Unnamed: 0,Id,cuisine
0,24888,italian
1,43564,italian
2,21898,italian
3,6991,italian
4,37700,italian


In [78]:
preds = model.predict(test_data, batch_size=128, verbose=1)



In [75]:
result_ids = [r['id'] for r in test]
print(f"Using label encored: {label_encoder}")
print(f"Using result ids: {result_ids[:7]}...")

def generate_predictions(model_data) -> pd.DataFrame:
    model = model_data['model']
    preds = model.predict(test_data, batch_size=128, verbose=1)
    pred_labels = onehot_encoder.inverse_transform(preds)
    pred_names = label_encoder.inverse_transform(pred_labels.ravel())
    return pd.DataFrame({
        'id': result_ids,
        'cuisine': pred_names
    })

Using label encored: LabelEncoder()
Using result ids: [24888, 43564, 21898, 6991, 37700, 43546, 20544]...


In [76]:
%%time
subm_dfs = [generate_predictions(model_data) for model_data in results]
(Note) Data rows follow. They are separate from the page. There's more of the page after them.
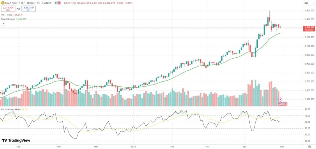 Spot Gold was last down 0.15% on the day to trade at $3,312.07 per troy ounce.
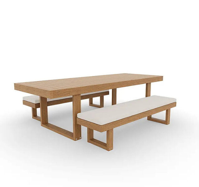 ชุดโต๊ะปิกนิกไม้สักแท้ทันสมัยสำหรับกลางแจ้ง พร้อมเบาะรองนั่งกันน้ำ เป็นมิตรกับสิ่งแวดล้อม สำหรับ 6 ที่นั่ง เหมาะสำหรับโรงแรมและสวน
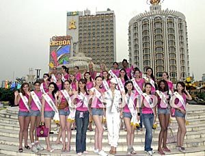 参加由澳门博彩股份有限公司承办的“世界名模在澳门”活动的第十六届世界模特小姐大赛三十国冠军佳丽十七日首次汇聚濠江,在澳门著名的葡京酒店前广场合影,展示风采。中新社记者:李刚

CPU times: user 7.65 s, sys: 1.61 s, total: 9.26 s
Wall time: 8.55 s


In [77]:
subm = pd.concat(subm_dfs)
print(subm.shape)
subm.head()

(9774, 2)


Unnamed: 0,id,cuisine
0,24888,italian
1,43564,italian
2,21898,italian
3,6991,italian
4,37700,italian


In [50]:
%%time
_sf = subm.groupby('id').cuisine.apply(lambda arr: sp.stats.mode(arr).mode[0])
subm_final = pd.DataFrame({
    'Id': _sf.index,
    'cuisine': _sf.values
})



CPU times: user 2 s, sys: 76 ms, total: 2.08 s
Wall time: 1.97 s


In [40]:
subm_final.head()

Unnamed: 0,Id,cuisine
0,16,indian
1,22,mexican
2,24,southern_us
3,32,japanese
4,48,indian


In [44]:
# sanity checks
assert(subm_final.notna().all().all())
assert(sorted(sample_subm['Id'].unique()) == sorted(subm_final['Id'].unique()))
assert(sample_subm.shape == subm_final.shape)

In [48]:
scores = [model_data['score'] for model_data in results]
mean_cv_score = np.mean(scores)
std_cv_score = np.std(scores)
model_name = 'LGBM'
subm_filename = f'{model_name}-cvmean={mean_cv_score:.4f}-cvstd={std_cv_score:.4f}.csv'
subm_path = os.path.join('./submissions/', subm_filename)
subm_path

'./submissions/LGBM-cvmean=0.7815-cvstd=0.0079.csv'

In [52]:
subm_final.to_csv(subm_path, index=False)

In [53]:
!kaggle competitions submit -f {subm_path} -m "Baseline" ml1819-whats-cooking

100%|████████████████████████████████████████| 136k/136k [00:02<00:00, 53.8kB/s]
Successfully submitted to ML1819 - What's Cooking?